Despite many advances in treating the initial heart attack, cardiogenic shock still kills around half of patients within 30 days.
Most hospitals don’t see many cardiogenic shock patients.
When they do, providers often do not have a standardized way of treating them, according to a study led by Michigan Medicine.
“These are the sickest patients that everyone in the catheterization lab remembers,” said Eric Cantey, M.D., lead author and assistant professor of internal medicine-cardiology at University of Michigan Medical School.
“It takes effective team effort to keep them alive — from the emergency department to the cath lab and the intensive care unit. Our findings highlight that each hospital in the state of Michigan sees these cases infrequently, as well as an extreme variability in the way cardiogenic shock is treated. This presents risks for improving care of patients with this deadly condition.”
Using a statewide database from the Blue Cross Blue Shield of Michigan Cardiovascular Consortium, researchers analyzed nearly 25,000 cases of the most severe kind of heart attack, ST-elevation myocardial infarction, commonly known as a STEMI, seen at 50 different Michigan hospitals between 2018-2024.
STEMI occurs when a major artery that feeds the heart is completely blocked, causing irreversible damage to the heart muscle which can weaken the heart.
Just over 2,000 of these patients experienced cardiogenic shock after undergoing minimally invasive treatment to open the blockage known as percutaneous coronary intervention, or PCI.
Results published in The Journal of the American College of Cardiology reveal that cardiologists who treated shock patients saw an average of 1 patient every 18 months.
“When hospitals see such few cases of cardiogenic shock during a year, it’s difficult to develop standard practices of care,” said David Hamilton, M.D., co-author and clinical assistant professor of internal medicine-cardiology at U-M Medical School.

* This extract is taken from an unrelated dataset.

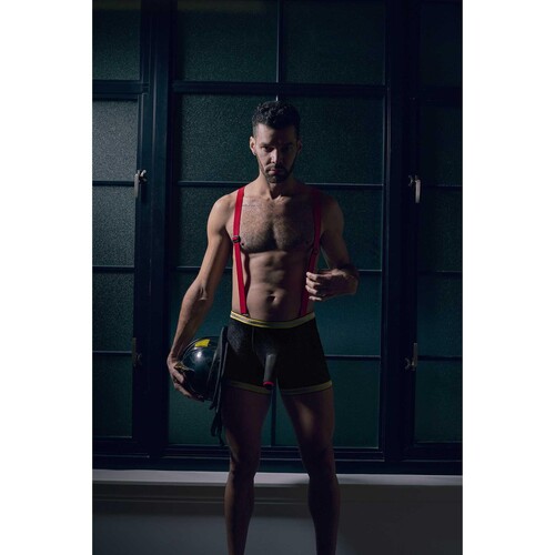Is it hot in here or is that just you? Fight fires in these tight bottoms and sexy suspenders.

“The lack of ongoing experience creates a risk that providers will not be properly trained on certain devices and therapies that optimize survival, which ultimately poses a risk for patient safety.”
Treatment options for cardiogenic shock after STEMI
After PCI, patients with cardiogenic shock require immediate treatment in the intensive care unit. Despite multiple decades of research and innovation, the mortality rate is still significantly high.

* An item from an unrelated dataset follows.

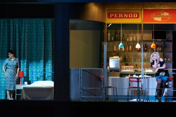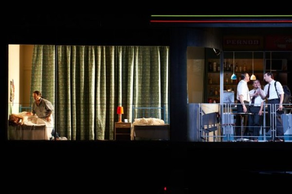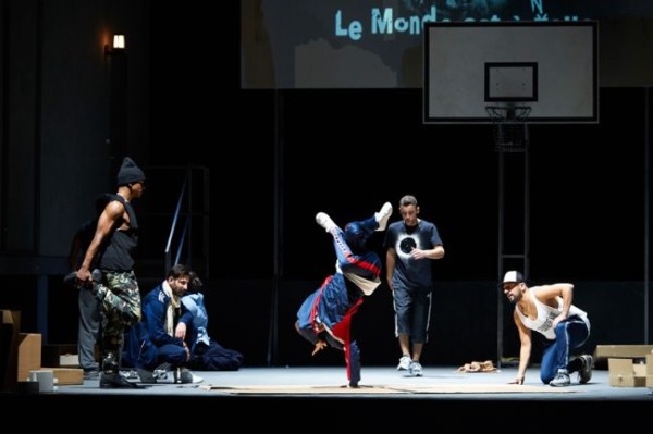Wenn sich der Vorhang hebt, erschließt sich dem Blick ein nach vorne offenes Gebäude in einem etwas heruntergekommen anmutenden Banlieu einer französischen Großstadt – vielleicht Paris, wo Meyerbeer einen seiner beiden Hauptwohnsitze hatte (der andere war Berlin). Oben rechts befindet sich die Kneipe des späteren Propheten Jean van Leyden, links davon das Schafgemach, das er sich mit seiner Mutter Fidès teilt, zu der er in einer ganz eigenen Beziehung steht. Er kann sich nicht entscheiden, ob er sie oder seine Braut Berthe mehr liebt und schwankt zwischen Mutter- und Geschlechtsliebe hin und her. Im unteren linken Bereich sieht man die Einfahrt einer Garage, rechts unten ein Getränkelager, in dem die Mitglieder der Stuttgarter Truppe TruCru /Incredible Syndicate mit sehr beachtlichen Sporteinlagen aufwarten. Sie sind es auch, die während der großen Ballettszene des zweiten Aktes mit Hilfe eines ungemein beeindruckenden rasanten Breakdance und fulminanter Akrobatik einen erheiternden Kontrapunkt in dem ansonsten recht dramatischen Geschehen setzen, wofür ihnen großes Lob gebührt. Das war eine äußerst gelungene, fetzige Angelegenheit. Wenn sich das Haus dreht, kommen ein Basketball-Platz und eine Treppe zum Vorschein, die den Volksmassen genügend Platz für ihre Versammlungen bieten. An der Seite ist ein leicht demolierter Polizeiwagen abgestellt, in dem Berthe zuerst von dem vom Grafen zum Polizeichef mutierten Oberthal und dann von einem seiner Polizisten vergewaltig wird. Das Auto geht im weiteren Verlauf des Abends in Flammen auf. Später wird noch ein Junge in einer Stretchlimousine missbraucht. Es ist ein von Gewalt, Drogen und Arbeitslosigkeit beherrschtes Ambiente, das das Regieteam hier mit enormem Nachdruck zeichnet und überzeugend einige essentielle Probleme unserer Zeit heraufbeschwört.

They may require several medications, including vasopressors to increase blood pressure and inotropes to temporarily improve the heart’s ability to pump.
However, these medications can increase the workload on a recovering heart. They can also cause life-threatening heart rhythms, and kidney injury, both of which increase the risk of death in cardiogenic shock patients.
Other patients are treated with medical devices that assist or completely replace the heart in pumping blood throughout the body, including:
Extracorporeal membrane oxygenation (ECMO), a critical care machine that bypasses the heart and lungs to pump oxygenated blood to the rest of the body.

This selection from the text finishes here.